Dataset items

>>>>

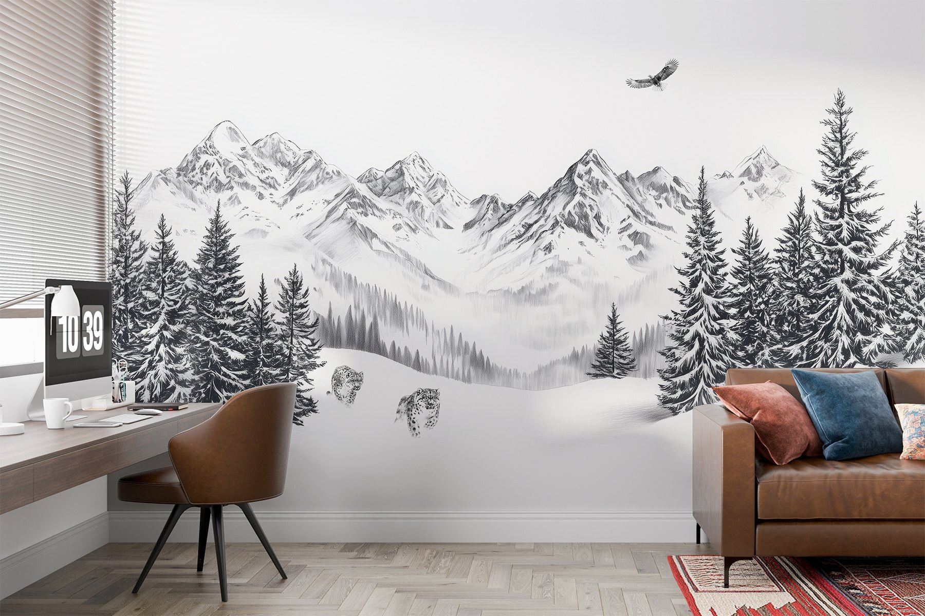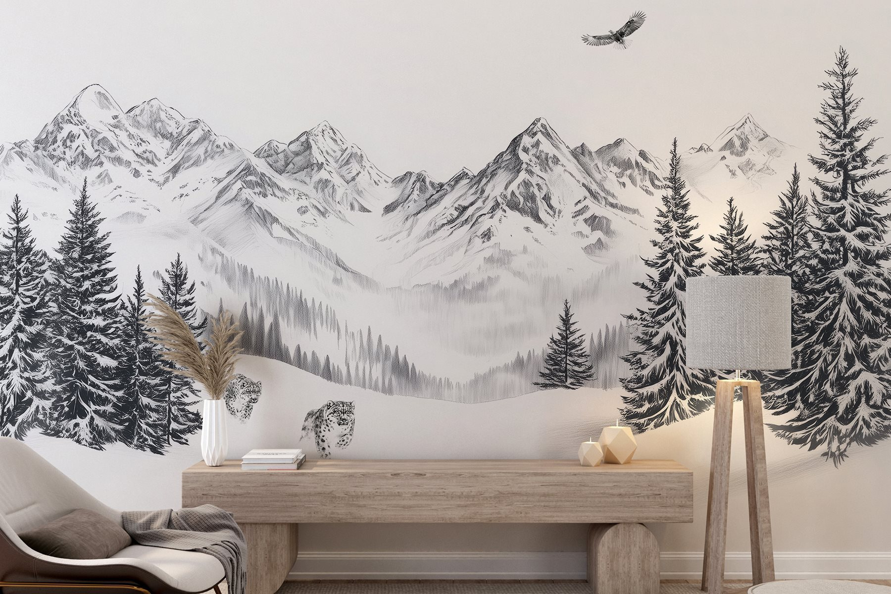 Transformez n’importe quel mur en une escapade sereine avec ce superbe paysage mural de montagne enneigée. Imaginez le doux bruit de la neige qui tombe, les montagnes majestueuses qui s’élèvent dans les nuages et un oiseau solitaire qui plane au-dessus de votre tête. C’est comme si vous apportiez un morceau de nature paisible à l’intérieur. Imaginez que vous sirotiez votre café du matin en contemplant cette beauté et que vous ressentiez une vague de calme vous envahir. Parfaite pour les recoins douillets ou les murs d’apparat, cette peinture murale ajoute non seulement du caractère, mais invite également à des rêveries de randonnées enneigées et d’air frais de la montagne. De plus, qui ne voudrait pas d’un couple de léopards effrontés à proximité ? C’est à la fois un sujet de conversation et un moyen d’évasion !
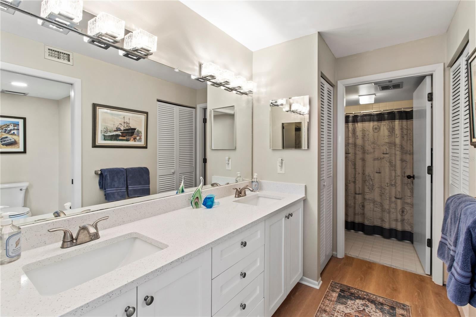 Seasonal rental in Bayport Beach and Tennis Club which is a beautiful, established, award-winning, amenity-rich community with immediate access to a peaceful private beach that continues in both directions for miles along the Gulf of Mexico shore. The complex includes a large pool surrounded by flowering trees, four immaculately maintained clay tennis courts, fitness center, a large clubhouse, bike trails, and a private fishing pier on the bay side surrounded by mangroves. Turnkey furnished on the upper level of a quiet end unit, including two full bedrooms - one with a king bed and the other with two twin beds. You can see the Gulf from the entrance and the guest bedroom. Each bedroom has its own bathroom; the guest bath has a shower and the master bath has double sinks and a bathtub. The kitchen has granite countertops and there is a separate tiled dining area with a glass table, that seats up to six. There is also seating in the kitchen at a granite counter. The living room has comfortable, large couch with an entertainment unit. The condo has a lanai overlooking lovely tropical gardens. In unit washer/dryer. Nearby is a convenient grocery store, great restaurants, museums, galleries, marinas and shops at St. Armand’s Circle. One covered parking space is provided, with plenty of guest parking spaces.
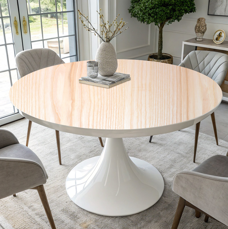 כיסוי שולחן דמוי עץ נורדי בהיר. עיצוב עדין, טבעי ומואר בגוון עץ בהיר עם טקסטורה רכה ונקייה. מעניק לחלל תחושת שלווה, מינימליזם ואור סקנדינבי אמיתי.
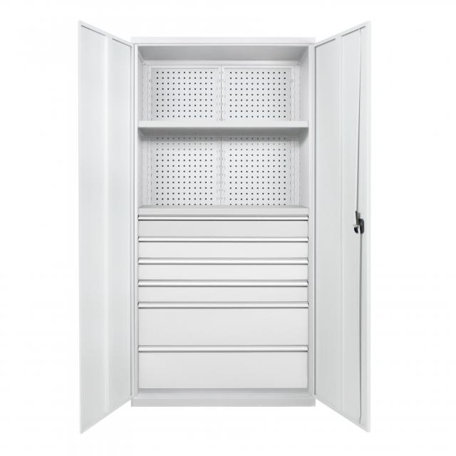 Предназначен для хранения инструментов и рабочих принадлежностей. На задней стенке шкафа расположена перфопанель, на которой могут быть размещены крючки для инструментов. 6 выдвижных ящиков на телескопических направляющих.
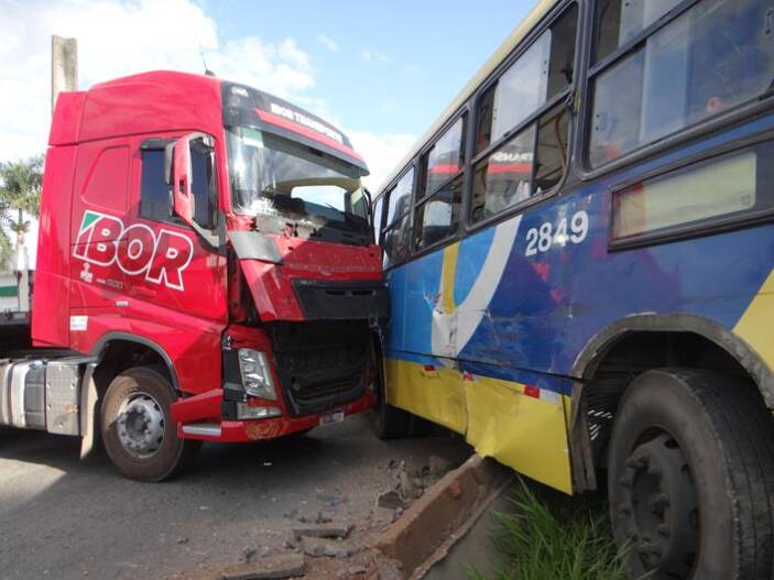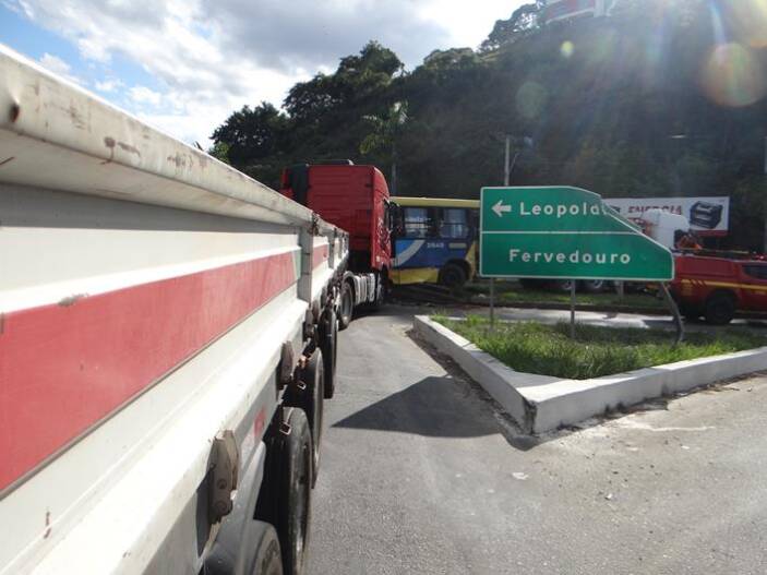 Acidente entre ônibus e Carreta no Trevo da Chevrolet na tarde desta terça-feira (24-05) em Muriaé
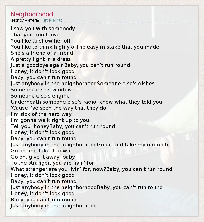 I saw you with somebody That you don't love You like to show her off You like to think highly ofThe easy mistake that you made She's a friend of a friend A pretty fight in a dress Just a goodbye againBaby, you can't run round Honey, it don't look good Baby, you can't run round Just anybody in the neighborhoodSomeone else's dishes Someone else's window Someone else's engine Underneath someone else's radioI know what they told you 'Cause I've seen the way that they do I'm sick of the hard way I'm gonna walk right up to you Tell you, honeyBaby, you can't run round Honey, it don't look good Baby, you can't run round Just anybody in the neighborhoodGo on and take my midnight Go on and take it down Go on, give it away, baby To the stranger, you are livin' for What stranger are you livin' for, now?Baby, you can't run round Honey, it don't look good Baby, you can't run round Just anybody in the neighborhoodBaby, you can't run round Honey, it don't look good Baby, you can't run round Just anybody in the neighborhood

<<<<

§ EXERCISE AIM
Carry over each record above character for character, with the pictures left out.

§ SOLUTION TO THIS TASK
 Transformez n’importe quel mur en une escapade sereine avec ce superbe paysage mural de montagne enneigée. Imaginez le doux bruit de la neige qui tombe, les montagnes majestueuses qui s’élèvent dans les nuages et un oiseau solitaire qui plane au-dessus de votre tête. C’est comme si vous apportiez un morceau de nature paisible à l’intérieur. Imaginez que vous sirotiez votre café du matin en contemplant cette beauté et que vous ressentiez une vague de calme vous envahir. Parfaite pour les recoins douillets ou les murs d’apparat, cette peinture murale ajoute non seulement du caractère, mais invite également à des rêveries de randonnées enneigées et d’air frais de la montagne. De plus, qui ne voudrait pas d’un couple de léopards effrontés à proximité ? C’est à la fois un sujet de conversation et un moyen d’évasion !
 Seasonal rental in Bayport Beach and Tennis Club which is a beautiful, established, award-winning, amenity-rich community with immediate access to a peaceful private beach that continues in both directions for miles along the Gulf of Mexico shore. The complex includes a large pool surrounded by flowering trees, four immaculately maintained clay tennis courts, fitness center, a large clubhouse, bike trails, and a private fishing pier on the bay side surrounded by mangroves. Turnkey furnished on the upper level of a quiet end unit, including two full bedrooms - one with a king bed and the other with two twin beds. You can see the Gulf from the entrance and the guest bedroom. Each bedroom has its own bathroom; the guest bath has a shower and the master bath has double sinks and a bathtub. The kitchen has granite countertops and there is a separate tiled dining area with a glass table, that seats up to six. There is also seating in the kitchen at a granite counter. The living room has comfortable, large couch with an entertainment unit. The condo has a lanai overlooking lovely tropical gardens. In unit washer/dryer. Nearby is a convenient grocery store, great restaurants, museums, galleries, marinas and shops at St. Armand’s Circle. One covered parking space is provided, with plenty of guest parking spaces.
 כיסוי שולחן דמוי עץ נורדי בהיר. עיצוב עדין, טבעי ומואר בגוון עץ בהיר עם טקסטורה רכה ונקייה. מעניק לחלל תחושת שלווה, מינימליזם ואור סקנדינבי אמיתי.
 Предназначен для хранения инструментов и рабочих принадлежностей. На задней стенке шкафа расположена перфопанель, на которой могут быть размещены крючки для инструментов. 6 выдвижных ящиков на телескопических направляющих.
 Acidente entre ônibus e Carreta no Trevo da Chevrolet na tarde desta terça-feira (24-05) em Muriaé
 I saw you with somebody That you don't love You like to show her off You like to think highly ofThe easy mistake that you made She's a friend of a friend A pretty fight in a dress Just a goodbye againBaby, you can't run round Honey, it don't look good Baby, you can't run round Just anybody in the neighborhoodSomeone else's dishes Someone else's window Someone else's engine Underneath someone else's radioI know what they told you 'Cause I've seen the way that they do I'm sick of the hard way I'm gonna walk right up to you Tell you, honeyBaby, you can't run round Honey, it don't look good Baby, you can't run round Just anybody in the neighborhoodGo on and take my midnight Go on and take it down Go on, give it away, baby To the stranger, you are livin' for What stranger are you livin' for, now?Baby, you can't run round Honey, it don't look good Baby, you can't run round Just anybody in the neighborhoodBaby, you can't run round Honey, it don't look good Baby, you can't run round Just anybody in the neighborhood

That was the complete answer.